A polystyrene ice chest contains 3 kg of ice at 0 degrees Celsius. Triangle H for melting = 3.34 x 10 to the 5 power J/kg p = 1000 kg/m cubed, CP =4190 J/ (kg K). Heat transfer is limited by conduction (k=0.06W/m K)) from the outside wall at 30 degrees Celsius. This means that temperature within the ice chest is not a function of position. Assume the heat flux (J/(sec m squared) is the same through all walls: top, sides, bottom. The walls have thickness = 4 cm and total surface area = 2400 cm squared.

Question

A polystyrene ice chest contains 3 kg of ice at 0 degrees Celsius. Triangle H for melting = 3.34 x 10 to the 5 power J/kg p = 1000 kg/m cubed, CP =4190 J/ (kg K). Heat transfer is limited by conduction (k=0.06W/m K)) from the outside wall at 30 degrees Celsius. This means that temperature within the ice chest is not a function of position. Assume the heat flux (J/(sec m squared) is the same through all walls: top, sides, bottom. The walls have thickness = 4 cm and total surface area = 2400 cm squared.

Suppose heat transfer is due to conduction through the wall and convection at the surface with h = 8W/ (m squared K) to ambient air at T infinity = 30 degrees Celsius.

Calculate the outside surface temperature.

Answer 1

To calculate the outside surface temperature of the polystyrene ice chest, we need to consider the heat transfer through conduction and convection.

First, let's calculate the heat transfer through conduction.

1. Calculate the thermal resistance of the wall:
The thermal resistance (R) is given by the formula R = (thickness)/(conductivity x area).
- The thickness of the wall is 4 cm, which is equal to 0.04 m.
- The conductivity (k) is given as 0.06 W/(m K).
- The total surface area of the walls is given as 2400 cm^2, which is equal to 0.24 m^2.

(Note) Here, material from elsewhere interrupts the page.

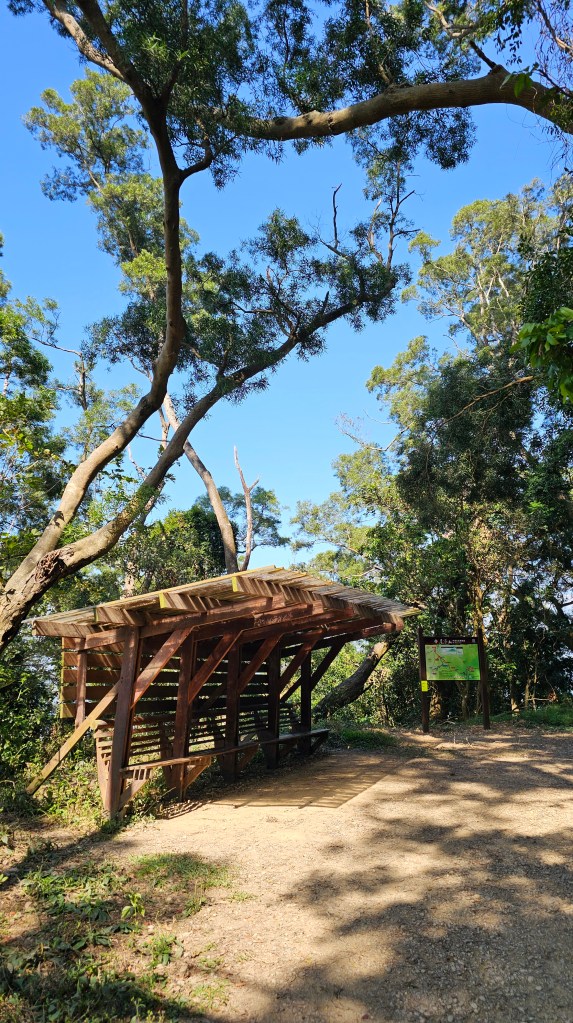 尾寮山全線多處設有涼亭,也有開闊的視野美景。根據健行筆記行進紀錄,1.7K海拔370公尺無名涼亭(沒有名字);3.4K海拔610公尺思源亭(除第二刷路過外,其他都走捷徑錯過了);4.6K海拔850公尺美(沒)景的觀景亭;5K會來到海拔900公尺900休歇停(從沒停下腳步休歇過);6.2K(路標8K)海拔1150公尺觀雲臺,八攀尾寮山每一次都能看到高掛天上的藍天白雲,很幸運沒有看到雲海過,哈哈;7.4K海拔1380公尺(路標9.3K)今年才露臉的觀山台,去年都只看到桌椅沒有景。

So, R = (0.04 m) / (0.06 W/(m K) x 0.24 m^2) = 0.2778 K/W.

2. Calculate the heat flux through the wall:
The heat flux (q) is given by the formula q = (difference in temperature) / (thermal resistance).
- The difference in temperature is the outside temperature (T_outside) minus the ice temperature (0 degrees Celsius = 273 K).

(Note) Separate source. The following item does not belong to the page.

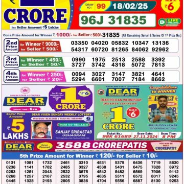 RESULT DEAR GOOSE TUESDAY WEEKLY LOTTERY 18.02.2025

Let's denote the outside surface temperature as T_outside.

We can use the heat flux equation with the given information to solve for T_outside:
q = (T_outside - 273 K) / 0.2778 K/W.

Now, let's consider the heat transfer through convection.

3. Calculate the heat transfer coefficient (h):
The heat transfer coefficient (h) is given as 8 W/(m^2 K).

4. Calculate the convective heat transfer rate:
The convective heat transfer rate (Q_conv) is given by the formula Q_conv = h x area x (T_outside - T_infinity).
- The area is the total surface area of the walls, which is 0.24 m^2.
- T_infinity is the ambient air temperature, given as 30 degrees Celsius = 303 K.

Using the convective heat transfer equation with the given information, we can solve for T_outside:
Q_conv = (8 W/(m^2 K)) x 0.24 m^2 x (T_outside - 303 K).

Since the heat transfer is the same through all walls, we can equate the heat flux through conduction (q) and the convective heat transfer rate (Q_conv).

(T_outside - 273 K) / 0.2778 K/W = (8 W/(m^2 K)) x 0.24 m^2 x (T_outside - 303 K).

To solve this equation, we can rearrange it and solve for T_outside.

Please note that the equation involves an iterative calculation method, which requires multiple iterations to obtain a accurate solution.

Therefore, the outside surface temperature, T_outside, can be determined by solving the above equation using an iterative calculation method or by using software capable of solving non-linear equations.